#### Assignment
Work through the data line by line, gathering every line that has the word "both".

#### Records for the task
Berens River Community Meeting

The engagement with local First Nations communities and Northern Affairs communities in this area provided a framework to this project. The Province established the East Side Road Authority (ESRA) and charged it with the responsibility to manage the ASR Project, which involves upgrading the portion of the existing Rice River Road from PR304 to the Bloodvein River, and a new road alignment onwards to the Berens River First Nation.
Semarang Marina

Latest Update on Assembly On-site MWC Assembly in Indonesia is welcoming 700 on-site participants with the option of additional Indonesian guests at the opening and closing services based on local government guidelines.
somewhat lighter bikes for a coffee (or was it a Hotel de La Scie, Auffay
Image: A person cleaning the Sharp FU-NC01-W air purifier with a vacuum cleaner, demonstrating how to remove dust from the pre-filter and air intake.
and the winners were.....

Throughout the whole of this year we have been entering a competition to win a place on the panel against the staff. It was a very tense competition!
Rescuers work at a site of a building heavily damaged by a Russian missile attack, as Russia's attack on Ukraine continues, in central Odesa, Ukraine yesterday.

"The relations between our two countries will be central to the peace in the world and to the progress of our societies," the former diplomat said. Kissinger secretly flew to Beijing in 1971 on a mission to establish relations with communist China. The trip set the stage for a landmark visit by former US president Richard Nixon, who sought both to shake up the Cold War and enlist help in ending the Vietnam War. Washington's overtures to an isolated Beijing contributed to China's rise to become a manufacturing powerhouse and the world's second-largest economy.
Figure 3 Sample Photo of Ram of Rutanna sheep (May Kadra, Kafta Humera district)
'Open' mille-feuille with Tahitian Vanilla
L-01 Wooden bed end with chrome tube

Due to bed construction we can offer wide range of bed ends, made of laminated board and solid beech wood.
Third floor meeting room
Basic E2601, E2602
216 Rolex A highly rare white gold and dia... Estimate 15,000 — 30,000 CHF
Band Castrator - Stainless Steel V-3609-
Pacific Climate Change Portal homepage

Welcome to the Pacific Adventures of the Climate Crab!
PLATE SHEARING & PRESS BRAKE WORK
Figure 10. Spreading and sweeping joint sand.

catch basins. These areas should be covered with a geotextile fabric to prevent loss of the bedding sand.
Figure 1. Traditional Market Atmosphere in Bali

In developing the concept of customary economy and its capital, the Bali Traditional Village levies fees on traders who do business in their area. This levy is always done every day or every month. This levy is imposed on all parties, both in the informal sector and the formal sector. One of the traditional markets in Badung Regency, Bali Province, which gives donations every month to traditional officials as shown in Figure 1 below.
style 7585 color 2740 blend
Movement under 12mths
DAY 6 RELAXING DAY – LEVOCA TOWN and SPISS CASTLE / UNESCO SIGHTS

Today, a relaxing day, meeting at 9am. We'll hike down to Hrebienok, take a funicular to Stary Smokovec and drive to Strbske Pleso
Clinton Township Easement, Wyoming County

#### Finished task
"The relations between our two countries will be central to the peace in the world and to the progress of our societies," the former diplomat said. Kissinger secretly flew to Beijing in 1971 on a mission to establish relations with communist China. The trip set the stage for a landmark visit by former US president Richard Nixon, who sought both to shake up the Cold War and enlist help in ending the Vietnam War. Washington's overtures to an isolated Beijing contributed to China's rise to become a manufacturing powerhouse and the world's second-largest economy.
In developing the concept of customary economy and its capital, the Bali Traditional Village levies fees on traders who do business in their area. This levy is always done every day or every month. This levy is imposed on all parties, both in the informal sector and the formal sector. One of the traditional markets in Badung Regency, Bali Province, which gives donations every month to traditional officials as shown in Figure 1 below.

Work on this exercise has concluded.